По характеру своему Жюли привыкла брать верх, однако с Николя всегда вела себя сдержанно, давая понять, что восхищается им, отчего тот становился гораздо более уступчивым, нежели если бы она навязывала ему свою волю. Однако постепенно поводов для разногласий становилось все больше и больше. Пока страсть била ключом, она быстренько латала возникавшие в их отношениях дыры, добавляя пряной приправы в сладкое блюдо примирения. Но, в конце концов, постоянные стычки, возникавшие на одной и той же почве вот уже несколько месяцев, утомили его. Она терзала его вопросом, когда он станет жить вместе с ней, а он избегал ответа, предчувствуя за ним следующий, пока еще не сформулированный, но вполне понятный вопрос, коего он не хотел ни слышать, ни понимать.
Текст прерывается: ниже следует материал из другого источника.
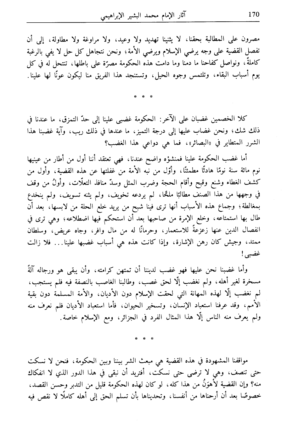 وأما غضبنا نحن عليها فهو غضب لديننا أن تمتهن كرامته، وأن يبقى هو ورجاله آلةً مسخرة لغير أهله، ولم نغضب إلّا لحق غصب، وطالبنا الغاصب بالنصفة فيه فلم يستجب، لم نغضب إلّا لهذه المهانة التي لحقت الإسلام دون الأديان، والأمة المسلمة دون بقية الأمم، وقد عرفنا استعباد الإنسان، وتسخير الحيوان، فأما استعباد الأديان فلم نعرف منه ولم يعرف منه الناس إلّا هذا المثال الفرد في الجزائر، ومع الإسلام خاصة.
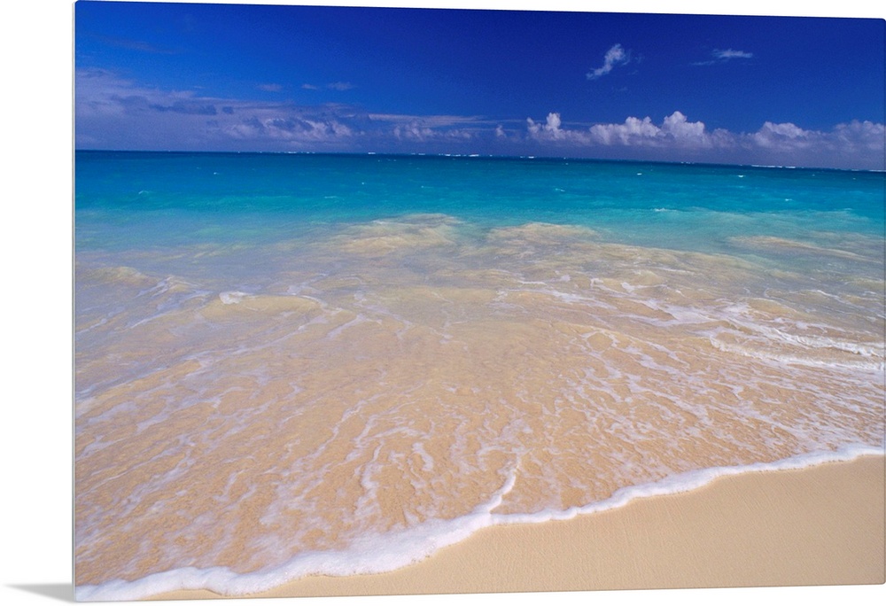<p>Wall docor of clear ocean water washing ashore a white sanded beach.</p>

Всякий раз, когда между ними вспыхивала ссора, она принималась жаловаться, что его вечно нет на месте, а его должность обрекает его на рабский труд и не позволяет распоряжаться его собственным временем. Вдобавок ему постоянно приходилось напоминать ей, что он не намерен выступать в обществе как маркиз де Ранрей. Внебрачный сын, поздно признанный отцом, он ценил доставшийся ему титул, когда к нему обращался король или члены королевской семьи, но честь, самолюбие и чувство меры побуждали его категорически от него отказываться, когда речь заходила об иных людях. Уверенная, что их отношения дают ей право появиться при дворе, она постоянно донимала его вопросами, когда же наконец ее мечта сбудется. Столь неуместное стремление стесняло его и, как ему казалось, свидетельствовало об отсутствии воспитания. Постоянные попытки Жюли разлучить его с самыми близкими друзьями также немало раздражали и огорчали его. Исключение составлял Лаборд, первый служитель королевской опочивальни, имевший непосредственный доступ к королю и определенный вес при дворе; за это Жюли мгновенно приписала ему всяческие добродетели. Ужин у Ноблекура, куда его пригласили вместе с Жюли, завершился полнейшим крахом. И почтенный прокурор в отставке, и доктор Семакгюс изо всех сил старались угодить Николя, но не сумели удержаться, чтобы не высмеять молодую женщину. Получив урок, он твердо решил более не представлять старым друзьям своих временных подруг. Друзья не одобрили его выбора, и эта мысль, прочно укоренившаяся в мозгу, безжалостно терзала его, пробив основательную брешь в его преданности Жюли. Наконец он с ужасом понял, что от любви, снисходительно относящейся к недостаткам предмета своего обожания, не осталось и следа.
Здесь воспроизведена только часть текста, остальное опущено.